Und zu vielen Sachen sagen wir „nein“.

 

Wir haben erlebt, …

  • dass wir fixiert wurden über Stunden und Tage;
  • dass wir in den „Time- Out Raum“ gesperrt wurden;
  • dass uns gegen unseren Willen Medikamente verabreicht wurden,
    das ist auch durch Spritzen gemacht worden;
  • dass wir in unsere Zimmer eingeschlossen wurden;
  • dass Gewalt gegen uns ausgeübt wurde;
  • dass uns kalt war;
  • dass wir uns unwohl gefühlt haben;
  • dass wir entwürdigt wurden;
  • dass wir durch Entkleidung vor allen anderen beschämt wurden;
  • dass wir allein von eurer Sicht und Einschätzung abhängig waren,
    ihr habt gesagt, wann wir uns wieder beruhigt haben,
    ihr habt gesagt, wann die Maßnahme enden kann.

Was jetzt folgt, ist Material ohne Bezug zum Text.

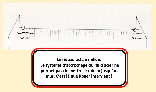 Du tissu. Roger fait une proposition pour mettre du tissu. La proposition a été surprenante, mais intéressante. Je réfléchis et de ses idées une autre naît dans mon esprit. Des crochets qui maintiennent le câble qui porte les rideaux, il va accrocher un autre câble et j’étendrai du tissu entre les deux bords. Cela donnera ceci :
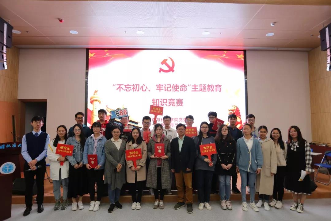 党委副书记余江涛,本科党支部书记吴迪、陈文婷、唐伟、王博优老师和学生党支部书记、学生党员、入党积极分子。本次知识竞赛以习近平新时代中国特色社会主义思想、《中国共产党章程》以及“不忘初心、牢记使命”应知应会一百题等为考察内容,五支代表队须通过必答题、抢答题和风险题三类题型的考察,依照总分排名决出最后的奖项。
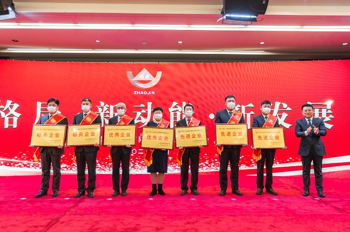 會議對招金集團2021年先進集體和個人進行了表彰,招遠市委書記王彥博,招遠市委副書記、代市長史鑫,招遠市委常委、煙臺市委提名副市長劉超分別為獲得“標兵企業(yè)、優(yōu)秀企業(yè)、先進企業(yè)”獎、“優(yōu)秀企業(yè)家”獎和“對標管理優(yōu)勝企業(yè)”獎的先進集體和個人進行了頒獎。
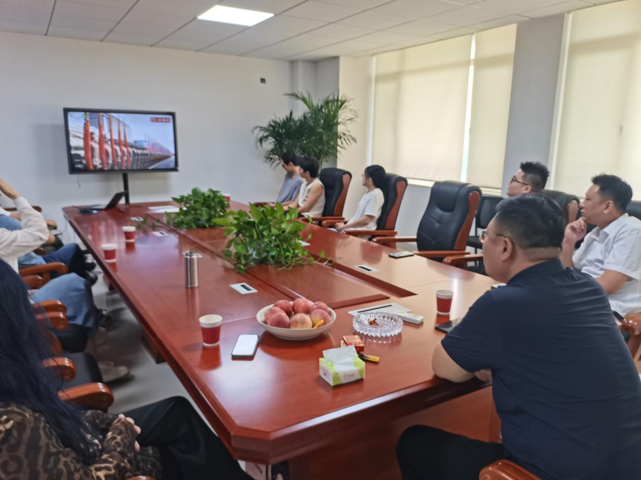 当阅兵仪式开始,整齐划一的徒步方队、威武霸气的装备方队、翱翔天际的空中梯队依次通过天安门广场,展示了我国强大的国防力量和军队现代化建设的卓越成就。全体员工聚精会神地观看,被一幕幕壮观的场景所震撼,不时爆发出热烈的掌声和欢呼声。
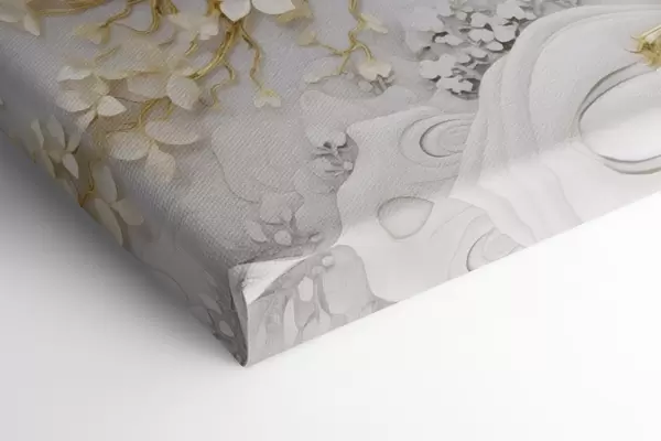 Wandbilder Dekorativer Baum mit weißen Blumen, weißer Hintergrund, weiße Felsen, komplizierte Details, von der Natur inspirierte Kunst s43388
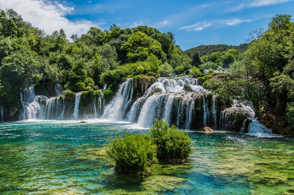 Plitvicei-tavak Nemzeti Park: a világörökség része, 16 türkizkék tavat rejt e térség, amelyeket vízesések és zuhatagok kötnek össze. A nemzeti park gazdag növényvilága is gyönyörű látványt nyújt, amely páratlan állatvilággal párosul (medvék és farkasok birtokolják a környező, turisták által nem látogatott részeket). Krka Nemzeti Park: itt található egyik legnagyobb, többlépcsős vízesésrendszer, a Skradinski Buk. A 800 méter hosszú vízesés 17 lépcsőből áll, mely bő vízhozama miatt lenyűgöző látványt nyújt.
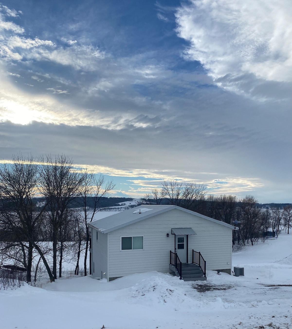 SITUÉ sur LE LAC ANTELOPE, à 14 miles au nord de Harvey, ND - Décoré et prêt pour les Fêtes! - 3 chambres, 2 salles de bain - Nouveau, tranquille, privé et confortable - Famille et animaux acceptés avec des jouets et des jeux pour tous les âges - Cuisine spacieuse, propre et bien approvisionnée - Grandes fenêtres avec vue imprenable - Téléviseurs Roku dans toutes les chambres - Wi-Fi rapide ; - Foyer, hamac et cour de 1,5 acre - Accès au lac dans le jardin par un sentier pédestre/VTT - Un joyau caché prêt pour les séjours
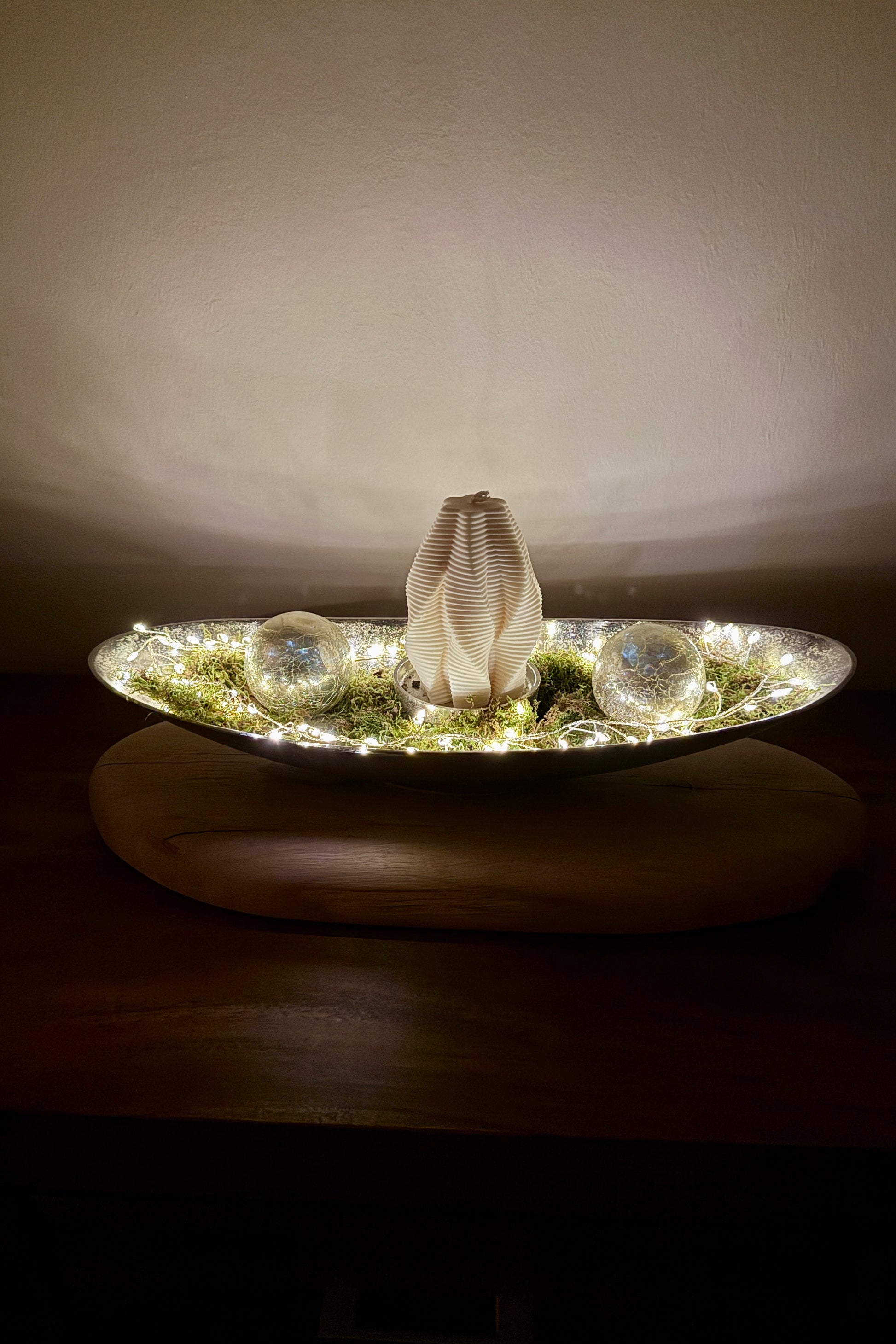 Dekoschale silber groß auf Holzstamm geschliffen mit Designkerze und weihnachtlicher Deko 1513
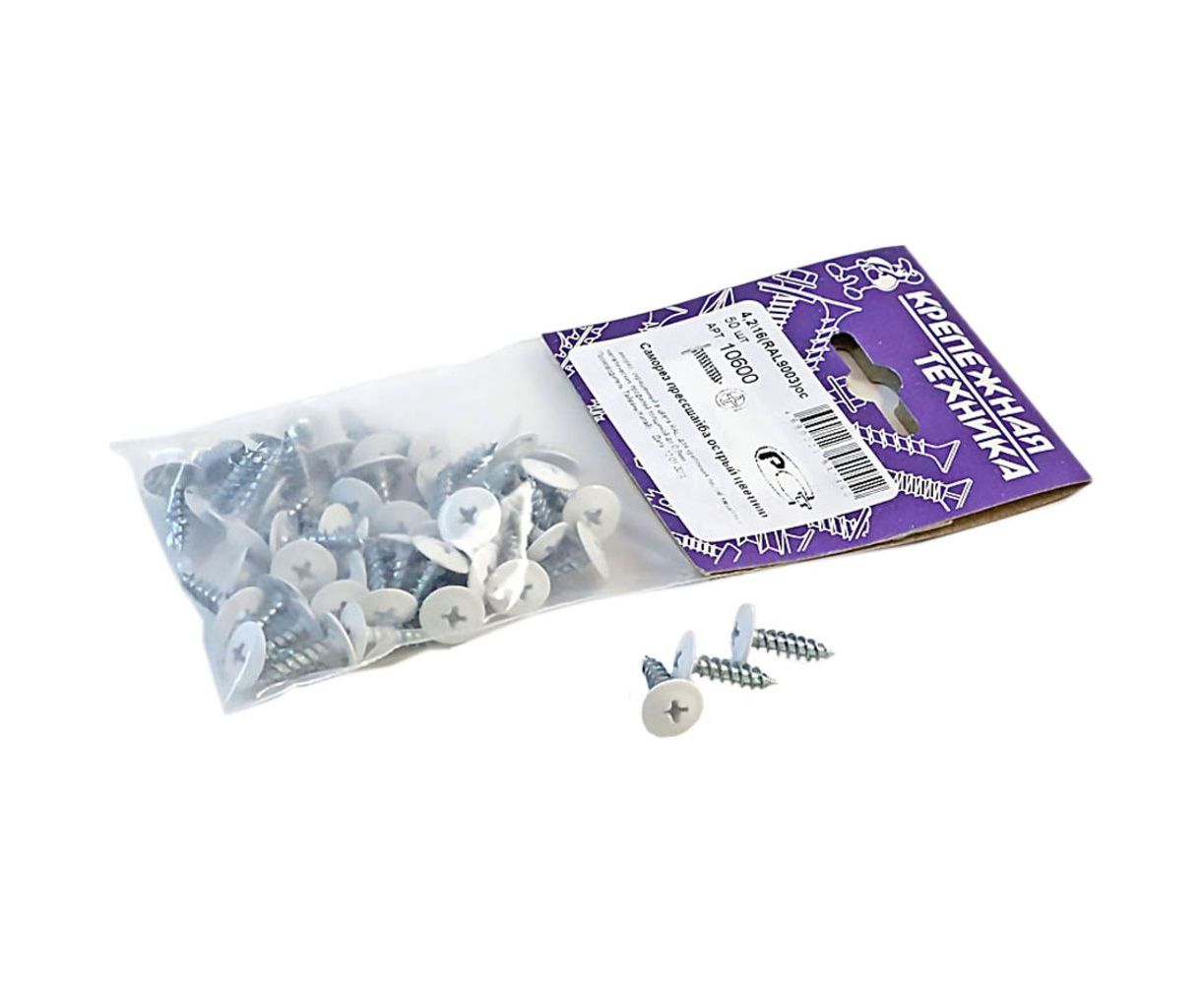 Саморез с прессшайбой крепежная техника белый, 4,2x16, ral 9003, острый, 50 шт. 10600
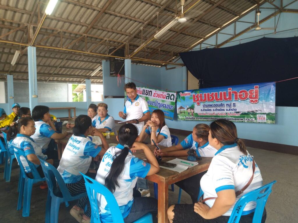 กิจกรรมโครงการชุมชนน่าอยู่ของบ้านแพะดอนสัก ประชุมคัดเลือกครัวเรือนต้นแบบในการคัดแยกขยะเปียกทำเป็นปุ๋ย และรับบริจาคขยะรีไซเคิลในชุมชน เพื่อลดปริมาณขยะ เพิ่มรายได้ในชุมชน และเป็นกำลังใจในการมีส่วนร่วมของทุกครัวเรือนที่มีการคัดแยกขยะ
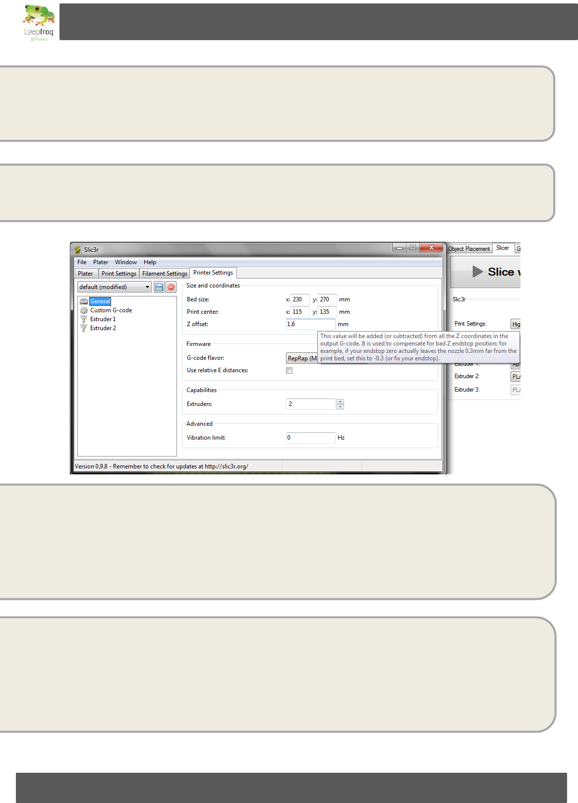 slic3r settings. In Repetier-Host go to the slicer tab and select configure to open the slic3r settings
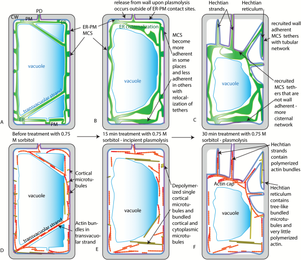 Summary and models for the change in ER and cytoskeleton during plasmolysis. A) ER, vacuole, and PM prior to plasmolysis. B) ER, vacuole, and PM after 15 min of treatment with 0.75 M sorbitol - a temporary state of incipient plasmolysis. During this time, it is proposed that an increase in cytosolic calcium is accompanied by a change in the number and distribution of MCS between the ER and the PM. It is also proposed that there is a release of the PM from the cell wall in regions enriched for MCS that are not adherent to the wall, while those ER/PM contact sites with high affinity to the wall start the process of Hechtian strand and reticulum formation. C) ER, PM, and vacuole membranes after 30–45 min in 0.75 M sorbitol. The Hechtian strands and Hechtian reticulum have formed at sites where the ER and PM and cell wall remain tethered. ER-PM contact sites on the PM of the withdrawing protoplast cause higher levels of internal cisternalization of the ER. D) Organization of microtubules and actin prior to treatment with sorbitol. E) It is proposed that an increase in cytosolic calcium ions that accompanies osmotic shock produces fewer polymerized microtubules but those that do polymerize become bundled and assume a different conformation. F) During the withdrawal of the protoplast from the cell wall after 30–45 min in 0.75 M sorbitol, actin becomes primarily associated with Hechtian strands and not the Hechtian reticulum. An actin cap forms on the withdrawing protoplast. Meanwhile, the microtubules reform as macrotubulin-containing tree-like structures in the Hechtian reticulum. ER, endoplasmic reticulum; CW, cell wall; MCS, membrane contact sites; PD, plasmodesma; PM, plasma membrane.
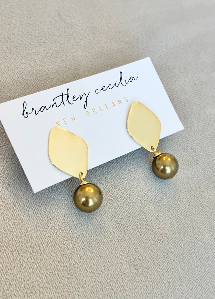 Darcy Diamond-Shape Earring with Swarovski Pearl – Caramel
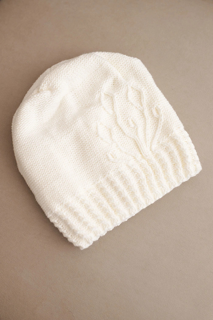 Teplá dámská čepice vyrobená z měkké pleteniny s přídavkem přírodní vlny. Model je zdoben elegantním, vyvýšeným vzorem připomínajícím větvičky, který jí dodává jedinečný půvab. Široký lem zajišťuje dobré přizpůsobení hlavě a pohodlí nošení v chladných dnech.

Wir haben das oft nicht als Hilfe erlebt.
Das war mehr eine Strafe.

Deshalb erwarten wir von euch Fach-Kräften…

  • Keine Macht gegen uns.
  • Sorgt für unsere Sicherheit.
  • Schluss mit der Überwachung.
  • Helft uns.
    Wir brauchen mehr Raum für uns alleine.
  • Ihr sollt unsere Einschätzung zu uns selbst ernst nehmen.
    Ihr sollt versuchen, uns wirklich zu verstehen.
  • Wir möchten ernst genommen werden.
    Wir möchten nicht ohne Beachtung bleiben.
  • Erklärt uns gut, was ihr mit uns macht.
    Erklärt uns gut, warum ihr das macht.
  • Wir bekommen Medikamente.
    Erklärt uns die Ziele und die Wirkungen davon.
  • Ihr benutzt Zwang.
    Dann müsst ihr euch an das Recht halten.
    Ihr müsst die Fach-Empfehlungen einhalten.
    Wenn ihr das nicht macht,
    macht ihr euch strafbar.
  • Wir möchten nicht mit jedem sprechen.
    Manchmal haben wir sehr eigene Themen.
    Oder wir haben intime Themen.
    Dann wollen wir aussuchen, mit wem wir sprechen.
  • Haltet unsere Hinweis und Vorwürfe aus.
    Schaut auf euch und eure Arbeit wie in einen Spiegel.
    Seht auch eure Fehler.
  • Wir müssen mit anderen Menschen von draußen reden können.
    Unsere Beschwerden sind wichtig.
    Lasst das bitte zu.

Denkt nach:
Helfen uns eure Taten wirklich?
Wir erwarten von euch allen:
Geht menschlich mit uns um.
Wir sind bereit.
Wir werden mit euch über unsere Erfahrungen reden.

Diese Forderungen haben wir im April 2019
in Hamburg geschrieben.

Wir sind 15 Jugendliche aus ganz Deutschland.
Wir haben in 3 Arbeits-Gruppen gearbeitet.
Wir waren in Berlin, Hamburg und Dresden.